Start of DATA EXTRACT

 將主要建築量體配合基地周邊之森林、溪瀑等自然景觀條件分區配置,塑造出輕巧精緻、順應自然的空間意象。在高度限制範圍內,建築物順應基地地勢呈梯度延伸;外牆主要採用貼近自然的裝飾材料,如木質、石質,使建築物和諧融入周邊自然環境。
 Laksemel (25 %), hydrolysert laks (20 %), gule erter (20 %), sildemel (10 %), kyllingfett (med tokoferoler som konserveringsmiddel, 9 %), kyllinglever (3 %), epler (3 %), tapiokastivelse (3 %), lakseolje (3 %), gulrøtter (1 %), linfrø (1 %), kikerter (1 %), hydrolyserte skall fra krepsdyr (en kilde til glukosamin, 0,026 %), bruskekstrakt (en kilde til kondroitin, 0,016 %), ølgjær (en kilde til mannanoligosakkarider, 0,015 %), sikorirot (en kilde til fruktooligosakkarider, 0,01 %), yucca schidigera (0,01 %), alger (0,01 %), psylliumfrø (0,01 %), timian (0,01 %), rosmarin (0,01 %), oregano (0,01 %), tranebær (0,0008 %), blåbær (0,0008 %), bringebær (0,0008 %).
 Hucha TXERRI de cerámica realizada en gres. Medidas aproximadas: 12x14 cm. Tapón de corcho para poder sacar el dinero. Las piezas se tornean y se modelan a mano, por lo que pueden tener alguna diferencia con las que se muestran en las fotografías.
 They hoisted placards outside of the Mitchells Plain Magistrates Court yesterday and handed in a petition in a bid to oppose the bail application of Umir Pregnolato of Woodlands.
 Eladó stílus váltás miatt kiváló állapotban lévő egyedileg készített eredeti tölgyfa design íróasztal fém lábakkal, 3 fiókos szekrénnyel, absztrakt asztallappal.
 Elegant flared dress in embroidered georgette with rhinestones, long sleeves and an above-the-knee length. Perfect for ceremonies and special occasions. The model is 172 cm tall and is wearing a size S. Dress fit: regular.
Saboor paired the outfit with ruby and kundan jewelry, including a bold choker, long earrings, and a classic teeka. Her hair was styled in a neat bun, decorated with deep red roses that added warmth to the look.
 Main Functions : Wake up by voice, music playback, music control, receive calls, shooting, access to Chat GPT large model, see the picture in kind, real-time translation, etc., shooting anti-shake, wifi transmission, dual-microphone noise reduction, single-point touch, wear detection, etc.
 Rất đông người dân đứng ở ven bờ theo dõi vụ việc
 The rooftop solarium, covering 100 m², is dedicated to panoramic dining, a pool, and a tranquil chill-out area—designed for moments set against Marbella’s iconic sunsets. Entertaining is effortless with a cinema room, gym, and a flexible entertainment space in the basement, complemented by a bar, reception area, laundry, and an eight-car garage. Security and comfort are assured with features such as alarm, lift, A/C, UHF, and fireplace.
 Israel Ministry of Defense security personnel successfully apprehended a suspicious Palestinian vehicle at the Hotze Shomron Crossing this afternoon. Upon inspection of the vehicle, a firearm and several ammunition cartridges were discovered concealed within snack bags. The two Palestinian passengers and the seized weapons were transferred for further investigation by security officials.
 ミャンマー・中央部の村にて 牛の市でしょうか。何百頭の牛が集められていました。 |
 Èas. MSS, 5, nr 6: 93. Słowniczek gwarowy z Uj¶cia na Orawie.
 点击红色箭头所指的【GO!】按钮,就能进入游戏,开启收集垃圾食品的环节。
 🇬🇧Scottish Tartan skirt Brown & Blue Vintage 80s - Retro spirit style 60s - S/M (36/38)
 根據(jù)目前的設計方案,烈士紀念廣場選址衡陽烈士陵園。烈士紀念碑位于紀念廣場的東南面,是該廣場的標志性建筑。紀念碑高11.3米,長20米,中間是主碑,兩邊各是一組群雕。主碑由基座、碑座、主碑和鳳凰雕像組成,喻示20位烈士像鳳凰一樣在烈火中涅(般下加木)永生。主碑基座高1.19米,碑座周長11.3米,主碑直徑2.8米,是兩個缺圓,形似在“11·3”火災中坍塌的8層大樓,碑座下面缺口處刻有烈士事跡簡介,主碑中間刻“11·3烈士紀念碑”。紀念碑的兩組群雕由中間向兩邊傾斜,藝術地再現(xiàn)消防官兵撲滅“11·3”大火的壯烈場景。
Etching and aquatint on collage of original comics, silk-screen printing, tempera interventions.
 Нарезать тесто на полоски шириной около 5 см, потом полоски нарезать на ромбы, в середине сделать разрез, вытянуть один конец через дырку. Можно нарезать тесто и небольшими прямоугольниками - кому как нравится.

End of DATA EXTRACT

▸ WHAT YOU ARE ASKED TO DO
Show every line of the data that includes the string "long".

▸ WRITTEN RESPONSE
 Elegant flared dress in embroidered georgette with rhinestones, long sleeves and an above-the-knee length. Perfect for ceremonies and special occasions. The model is 172 cm tall and is wearing a size S. Dress fit: regular.
Saboor paired the outfit with ruby and kundan jewelry, including a bold choker, long earrings, and a classic teeka. Her hair was styled in a neat bun, decorated with deep red roses that added warmth to the look.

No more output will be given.